Recordation Tax Distribution and Other Legislation Impacting Transportation Funding

As the General Assembly races towards crossover and the release of the House and Senate versions of the biennial budget, legislation seeking to roll back the 2020 reforms to the Commonwealth Transportation Fund is meeting mixed fates.

HB 978 (Durant) would reestablish the distribution of $20 million of state recordation tax revenue to counties and cities to be used for transportation or public education purposes. The bill was reported and referred to the House Appropriations Committee by the House Finance Committee, 12-9, on February 2. Legislation enacted by the 2020 General Assembly included changes to the distribution of state recordation tax revenues to cities and counties that effectively eliminated $20 million in existing recordation tax revenues distributed to cities and counties. These revenues were instead redirected to support Hampton Roads Regional Transit. This funding was distributed quarterly and could be used by counties and cities for either transportation or public education (K-12) purposes. Prior to the 2020 General Assembly session, a portion of recordation tax revenues had been distributed to localities since 1993 and localities had direct control over the transportation and education use of these funds. VACo supports a solution whereby these funds could be restored to localities while also holding Hampton Roads Transit harmless, as was the case with several member budget amendments during the 2021 session. Delegate Durant has introduced an accompanying budget amendment to achieve this end. In the Senate, SB 363 (Stuart) and SB 512 (Suetterlein) were passed by indefinitely by Senate Finance on a vote of 12-4.

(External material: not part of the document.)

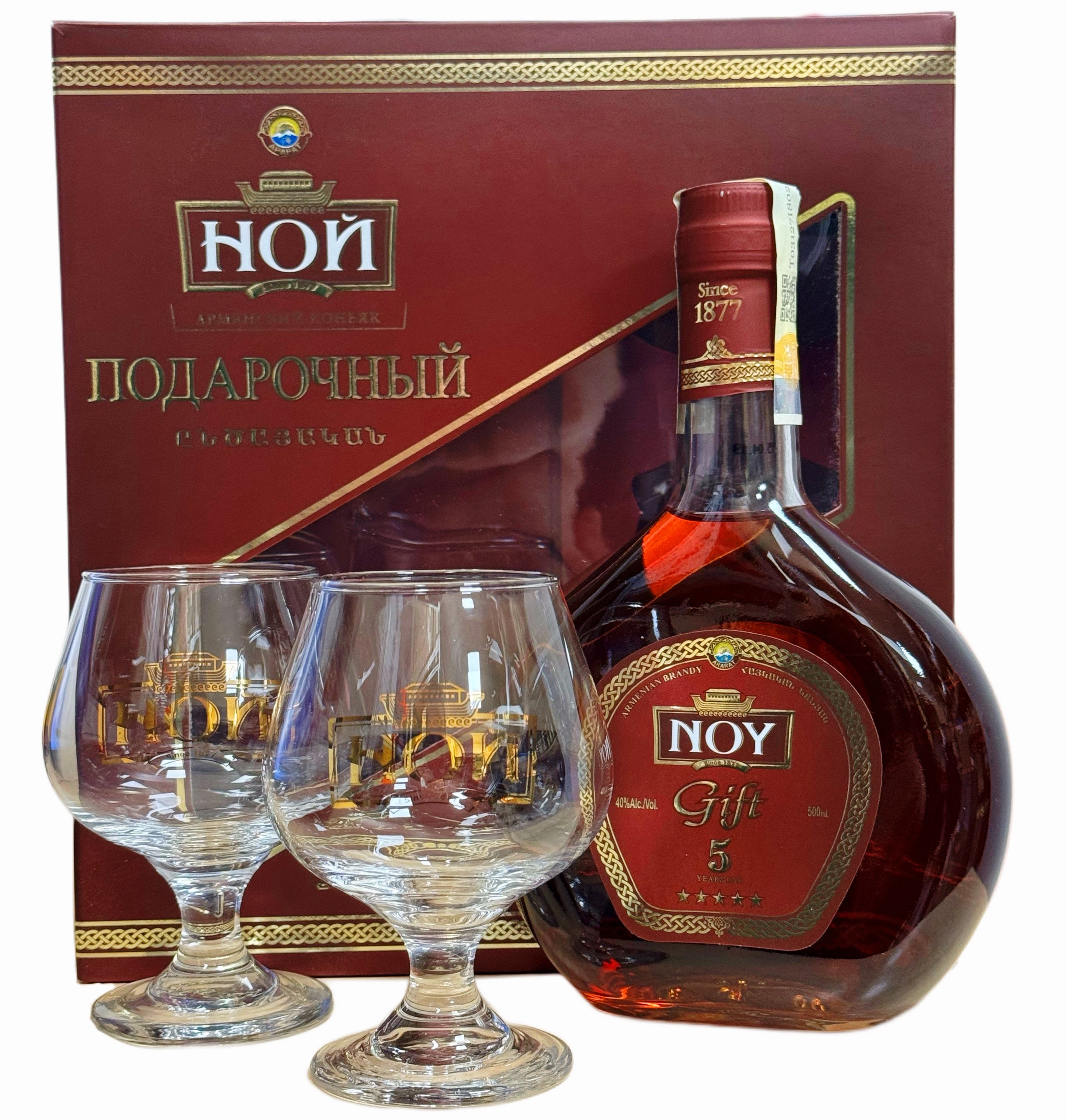 Подарочный набор бренди 5 лет 0,5Л 40% + 2 стакана NOY

HB 1144 (Webert) and SB 541 (Peake) as introduced, would lower the rate of tax on gasoline and diesel fuel on July 1, 2022 by five centers, from 26.2 cents per gallon to 21.2 cents per gallon on gasoline and from 27 cents per gallon to 20.2 cents per gallon on diesel fuel, the rates that were in effect before July 1, 2021. The bills provide that the rate of tax on gasoline and diesel fuel will return to 26.2 and 27 cents per gallon, respectively, on July 1, 2023, and will be indexed based on the change in the United States Average Consumer Price Index; thereafter, the rate will be indexed annually. If enacted, these bills would likely have an estimated impact of approximately $200 million in reduced revenues to the Commonwealth Transportation fund, as each penny of gas tax roughly equates to $40-$50 million in revenue. HB 1144 was reported by the House Appropriations Committee on a vote of 10-8 and awaits action by the full House. SB 541 was passed by indefinitely by the Senate Finance and Appropriations Committee on a vote of 12-4.

HB 297 (McNamara), would suspend the imposition of any regional fuels tax in the Commonwealth on and after July 1, 2022, but before July 1, 2023. This would likely have a multi-million-dollar impact on the Construction District Grant Program and would impact dedicated revenues for use by localities not located in the regional transportation districts of Northern Virginia, Hampton Roads, Central Virginia, and the I-81 corridor. The bill has been referred to the House Finance Committee, however as this committee is unlikely to meet before crossover, the bill will likely be left in committee, effectively ending its journey towards enactment.

HB 1059 (Cordoza) would suspend the imposition and collection of state and regional taxes on gasoline and diesel fuel until July 1, 2023. This bill would likewise have a multi-million-dollar impact on transportation revenues. The bill was unanimously laid on the table by the House Finance Committee on a vote of 20-0.

Lastly, as reported by VACo elsewhere, the two versions of grocery tax bills SB 451 (Boysko) and HB 90 (McNamara) do not replace the 0.5 percent portion of the tax that is dedicated to the Commonwealth Transportation Fund. This would lead to revenue loss of $186.5 million to $250 million over the next two years, depending on whether the tax is repealed on July 1, as in the House version, or January 1, 2023, in the Senate bill.